The 15th Century Ottoman Reception of Rashīd al-Dīn’s Kitāb al-Sulṭāniyya

Rashīd al Dīn (d. 718/1318) is well known as a historian – his Jāmiʿ al tavārīkh has been hailed as the first true world history ever written. Since Étienne de Quatremère’s first attempt in 1836, the entirety of the Jāmiʿ al tavārīkh has been edited, re-edited, translated, and studied by scholars almost without interruption.
His so-called theoretical works, by contrast, while treated in a comprehensive, albeit concise, survey by Josef van Ess more than three decades ago, are less well known. To date, they remain only partially published and poorly studied.
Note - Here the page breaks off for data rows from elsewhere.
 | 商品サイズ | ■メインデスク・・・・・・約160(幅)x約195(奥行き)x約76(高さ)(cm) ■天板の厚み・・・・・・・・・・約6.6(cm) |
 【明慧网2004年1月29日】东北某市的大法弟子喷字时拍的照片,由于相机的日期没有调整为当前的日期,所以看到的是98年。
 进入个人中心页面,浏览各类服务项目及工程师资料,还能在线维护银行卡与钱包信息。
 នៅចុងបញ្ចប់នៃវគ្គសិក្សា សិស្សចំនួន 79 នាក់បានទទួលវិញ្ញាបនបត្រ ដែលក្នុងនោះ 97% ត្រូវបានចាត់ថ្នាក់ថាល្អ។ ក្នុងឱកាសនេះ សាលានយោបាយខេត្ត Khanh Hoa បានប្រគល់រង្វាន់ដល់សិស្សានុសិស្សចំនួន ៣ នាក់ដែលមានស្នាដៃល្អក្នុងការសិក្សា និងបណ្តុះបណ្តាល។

While some modern historians of political history have mined Rashīd al Dīn’s theoretical works for the historical facts contained in them, the few historians of thought who have dedicated studies to them have mostly done so without much attention to their historical context or the vision expressed in them. As far as their reception history is concerned, these works have remained entirely unknown territory.
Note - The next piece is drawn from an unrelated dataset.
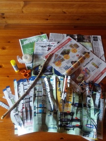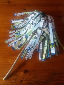 Leikkaa lehtiarkit hapsuiksi (hapsun leveys noin 1,5 cm). Älä leikkaa ylös asti, vaan jätä reunaan noin 3 cm:n kaistale. Levitä liimaa kaistaleelle ja pyöritä kiinni oksaan. Jatka kunnes huiska on riittävän tuuhea. Voit käyttää välillä teippiä apuna kiinnityksessä oksaan etenkin lopussa.

By zooming in on just one of Rashīd al Dīn’s theoretical works and its reception in the late 15th century Ottoman Empire, this paper discusses both the historical vision deployed in one of the theoretical works contained in his theological majmūʿa, and queries the ways in which we modern scholars have conceptualized ‘the historical’ and ‘the theological’ in our modern approach to such works, pleading for a more holistc, and contextual, reading – extending to and including their reception in later centuries.